Is there a methodology I could try to get reliably scalable bulk insert improvement considering there is a single SQL server system?
UPDATE I am certain that load app is not a problem. It creates record in a temporary queue in a separate thread, so when there is an insert it goes like this (simplified):
===>start logging time
int batchCount = (queue.Count - 1) / targetBatchSize + 1;
Enumerable.Range(0, batchCount).AsParallel().
WithDegreeOfParallelism(MAX_DEGREE_OF_PARALLELISM).ForAll(i =>
{
var batch = queue.Skip(i * targetBatchSize).Take(targetBatchSize);
var data = MYRECORDTYPE.MakeDataTable(batch);
var bcp = GetBulkCopy();
bcp.WriteToServer(data);
});
====> end loging time
timings are logged, and the part that creates a queue never takes any significant chunk
UPDATE2 I have implemented collecting how long each operation in that cycle takes and the layout is as follows:
queue.Skip().Take() - negligible
MakeDataTable(batch) - 10%
GetBulkCopy() - negligible
WriteToServer(data) - 90%
UPDATE3 I am designing for standard version of SQL, so I cannot rely on partitioning, since it's only available in Enterprise version. But I tried a variant of partitioning scheme:
created 16 filegroups (G0 to G15),
made 16 tables for insertion only (T0 to T15) each bound to its individual group. Tables are with no indexes at all, not even clustered int identity.
threads that insert data will cycle through all 16 tables each. This makes it almost a guarantee that each bulk insert operation uses its own table
That did yield ~20% improvement in bulk insert. CPU cores, LAN interface, Drive I/O were not maximized, and used at around 25% of max capacity.
UPDATE4 I think it is now as good as it gets. I was able to push inserts to a reasonable speeds using following techniques:
Each bulk insert goes into its own table, then results are merged into main one
Tables are recreated fresh for every bulk insert, table locks are used
Used IDataReader implementation from here instead of DataTable.
Bulk inserts done from multiple clients
Each client is accessing SQL using individual gigabit VLAN
Side processes accessing the main table use NOLOCK option
I examined sys.dm_os_wait_stats, and sys.dm_os_latch_stats to eliminate contentions
I have a hard time to decide at this point who gets a credit for answered question. Those of you who don't get an "answered", I apologize, it was a really tough decision, and I thank you all.
UPDATE5: Following item could use some optimization:
Used IDataReader implementation from here instead of DataTable.
Unless you run your program on machine with massive CPU core count, it could use some re-factoring. Since it is using reflection to generate get/set methods, that becomes a major load on CPUs. If performance is a key, it adds a lot of performance when you code IDataReader manually, so that it is compiled, instead of using reflection
For recommendations on tuning SQL Server for bulk loads, see the Data Loading and Performance Guide paper from MS, and also Guidelines for Optimising Bulk Import from books online. Although they focus on bulk loading from SQL Server, most of the advice applies to bulk loading using the client API. This papers apply to SQL 2008 - you don't say which SQL Server version you're targetting
Both have quite a lot of information which it's worth going through in detail.
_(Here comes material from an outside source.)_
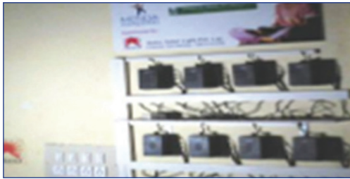
Solar Lamps Charging Station

Most of the population in rural India has a very unreliable access to the grid because of which the most valuable time for study during night is lost. The students mostly use kerosene lamps or candles for studying at night. The smoke and heat irritates eyes and nose and affects the concentration. There is also the risk of fire accidents when children use kerosene lamps. LFE program aims to overcome the above issues and develop a holistic approach for the students and avail them effective solar lighting system to empower their dreams to study. In association with the Menda Foundation, your company sponsored solar powered LED Lamps to the students. The program also helps to create awareness in the young minds about renewable energy and sustainable energy usage.

However, some highlights:
Minimally log the bulk operation. Use bulk-logged or simple recovery.
You may need to enable traceflag 610 (but see the caveats on doing
this)
Tune the batch size
Consider partitioning the target table
Consider dropping indexes during bulk load
Nicely summarised in this flow chart from Data Loading and Performance Guide:
As others have said, you need to get some peformance counters to establish the source of the bottleneck, since your experiments suggest that IO might not be the limitation.
Data Loading and Performance Guide includes a list of SQL wait types and performance counters to monitor (there are no anchors in the document to link to but this is about 75% through the document, in the section "Optimizing Bulk Load")
UPDATE
It took me a while to find the link, but this SQLBits talk by Thomas Kejser is also well worth watching - the slides are available if you don't have time to watch the whole thing. It repeats some of the material linked here but also covers a couple of other suggestions for how to deal with high incidences of particular performance counters.
It seems you have done a lot however I am not sure if you have had chance to study Alberto Ferrari SqlBulkCopy Performance Analysis report, which describes several factors to consider the performance related with SqlBulkCopy. I would say lots of things discussed in that paper is still worth trying to that would good to try first.
I am not sure why you are not getting 100% utilization on CPU, IO or memory. But if you simply want to improve your bulk load speeds, here is something to consider:
Partition you data file into different files. Or if they are coming from different sources, then simply create different data files.
Then run multiple bulk inserts simultaneously.
Depending on your situation the above may not be feasible; but if you can then I am sure it should improve your load speeds.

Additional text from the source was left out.